--- Exercise requirements ---
Leave out the pictures and retype, exactly, the lines below from the line with "#せかどろ #かってに改蔵 #久米田康治ファンアート" up to and including the line with "Эти босоножки 20", nothing more.

--- Data ---
━━━━━━

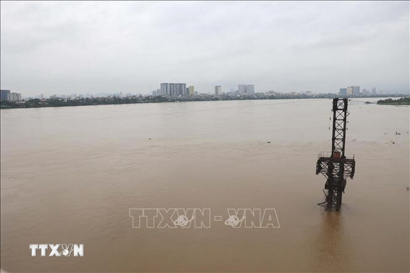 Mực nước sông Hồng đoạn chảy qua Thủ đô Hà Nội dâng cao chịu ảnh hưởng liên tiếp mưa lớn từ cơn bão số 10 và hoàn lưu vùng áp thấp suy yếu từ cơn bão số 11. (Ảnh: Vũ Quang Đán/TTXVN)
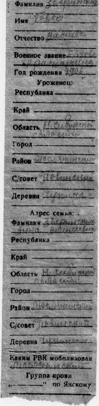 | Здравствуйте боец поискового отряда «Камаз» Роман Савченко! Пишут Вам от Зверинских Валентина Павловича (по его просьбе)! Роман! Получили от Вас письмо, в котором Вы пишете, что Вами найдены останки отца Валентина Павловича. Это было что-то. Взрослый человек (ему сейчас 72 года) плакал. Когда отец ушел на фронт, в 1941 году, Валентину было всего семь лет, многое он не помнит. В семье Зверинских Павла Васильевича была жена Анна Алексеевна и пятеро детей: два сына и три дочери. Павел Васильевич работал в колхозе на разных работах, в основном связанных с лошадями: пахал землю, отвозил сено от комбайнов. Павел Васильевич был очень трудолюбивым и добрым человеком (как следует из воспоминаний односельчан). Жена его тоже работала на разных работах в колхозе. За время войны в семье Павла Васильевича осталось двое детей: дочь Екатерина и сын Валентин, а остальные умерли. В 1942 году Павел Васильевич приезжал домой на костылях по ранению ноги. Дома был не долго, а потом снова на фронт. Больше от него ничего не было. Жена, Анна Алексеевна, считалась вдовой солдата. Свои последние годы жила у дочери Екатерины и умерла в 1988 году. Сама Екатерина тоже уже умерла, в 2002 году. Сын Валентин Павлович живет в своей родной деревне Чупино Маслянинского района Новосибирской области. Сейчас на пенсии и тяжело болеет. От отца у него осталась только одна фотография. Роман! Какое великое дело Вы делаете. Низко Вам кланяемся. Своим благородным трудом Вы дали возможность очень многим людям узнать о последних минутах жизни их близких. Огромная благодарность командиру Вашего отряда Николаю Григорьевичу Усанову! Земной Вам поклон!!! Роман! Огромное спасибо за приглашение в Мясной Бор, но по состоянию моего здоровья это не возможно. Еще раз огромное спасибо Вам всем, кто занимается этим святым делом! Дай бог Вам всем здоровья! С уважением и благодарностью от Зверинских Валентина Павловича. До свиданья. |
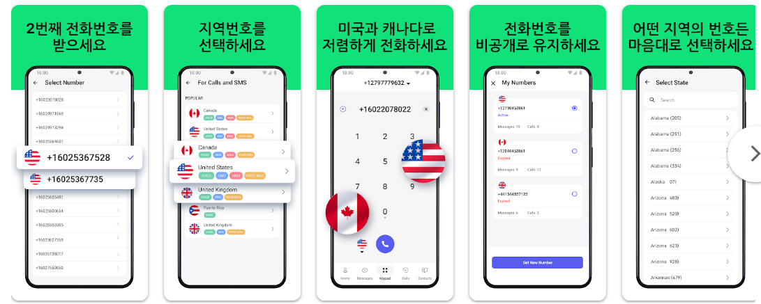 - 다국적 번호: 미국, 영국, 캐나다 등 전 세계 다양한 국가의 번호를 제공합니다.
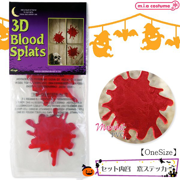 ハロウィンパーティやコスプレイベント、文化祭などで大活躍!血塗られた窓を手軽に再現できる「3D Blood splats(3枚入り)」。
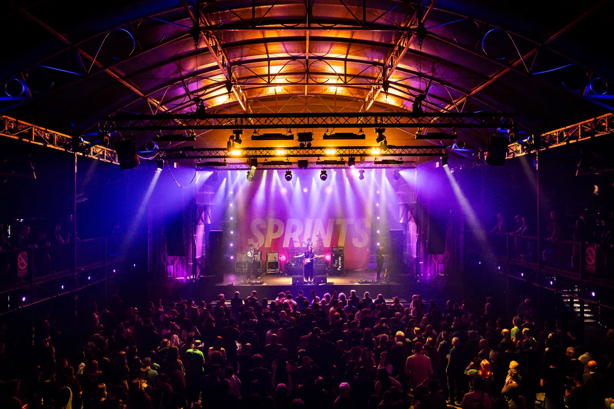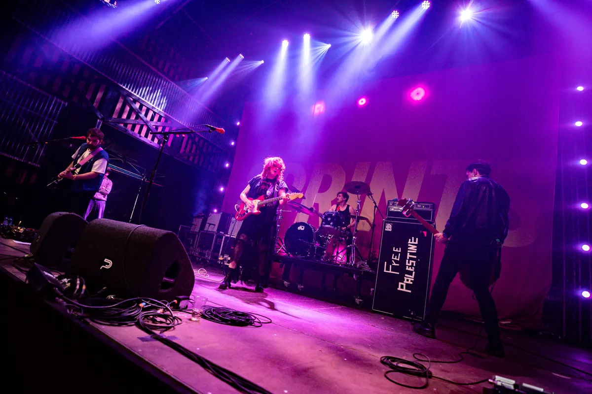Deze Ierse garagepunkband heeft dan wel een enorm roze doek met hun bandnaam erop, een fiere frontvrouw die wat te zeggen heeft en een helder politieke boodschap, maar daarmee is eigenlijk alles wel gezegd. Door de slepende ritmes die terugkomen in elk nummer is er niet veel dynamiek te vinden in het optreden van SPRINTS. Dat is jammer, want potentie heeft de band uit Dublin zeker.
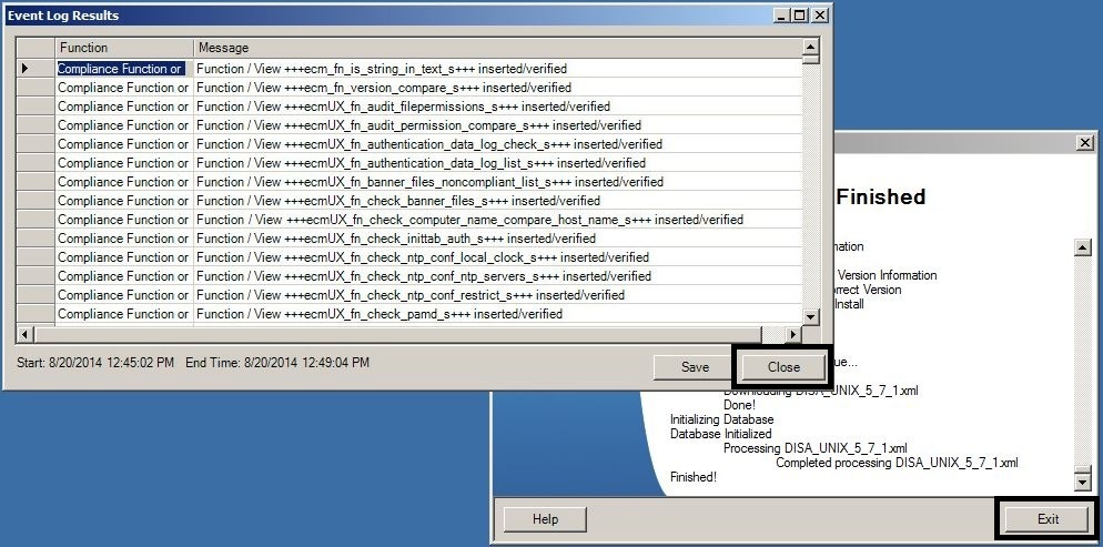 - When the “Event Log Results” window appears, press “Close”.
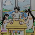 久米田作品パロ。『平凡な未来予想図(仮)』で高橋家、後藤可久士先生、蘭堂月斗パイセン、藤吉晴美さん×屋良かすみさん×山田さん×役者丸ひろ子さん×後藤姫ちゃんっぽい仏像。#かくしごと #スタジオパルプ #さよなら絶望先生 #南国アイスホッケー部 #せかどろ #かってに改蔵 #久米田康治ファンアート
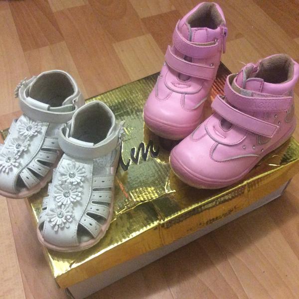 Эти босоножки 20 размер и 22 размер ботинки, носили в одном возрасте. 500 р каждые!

━━━━━━

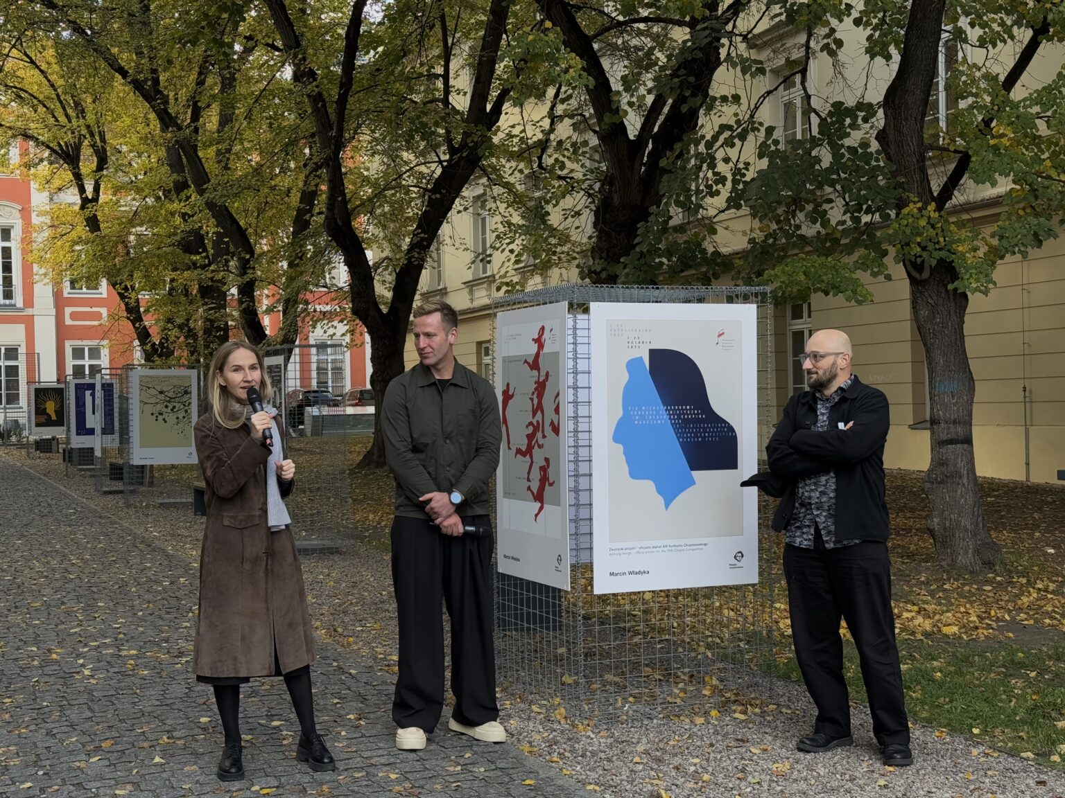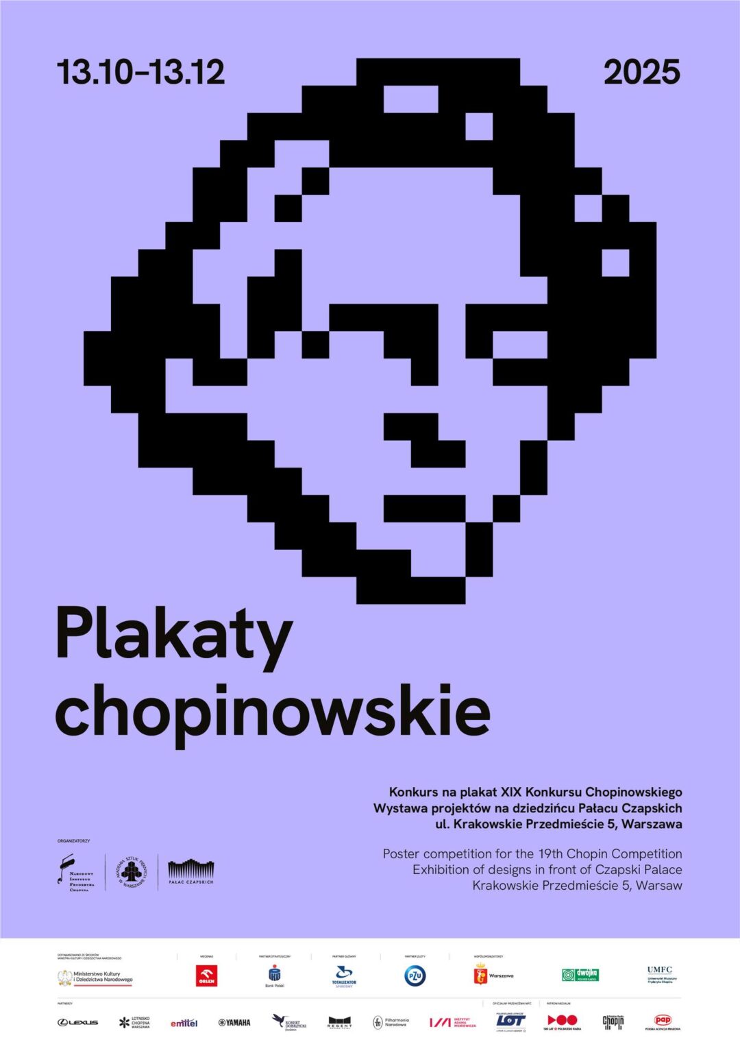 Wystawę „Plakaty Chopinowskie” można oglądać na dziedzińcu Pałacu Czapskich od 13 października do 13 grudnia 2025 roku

━━━━━━

--- Response area ---
 久米田作品パロ。『平凡な未来予想図(仮)』で高橋家、後藤可久士先生、蘭堂月斗パイセン、藤吉晴美さん×屋良かすみさん×山田さん×役者丸ひろ子さん×後藤姫ちゃんっぽい仏像。#かくしごと #スタジオパルプ #さよなら絶望先生 #南国アイスホッケー部 #せかどろ #かってに改蔵 #久米田康治ファンアート
 Эти босоножки 20 размер и 22 размер ботинки, носили в одном возрасте. 500 р каждые!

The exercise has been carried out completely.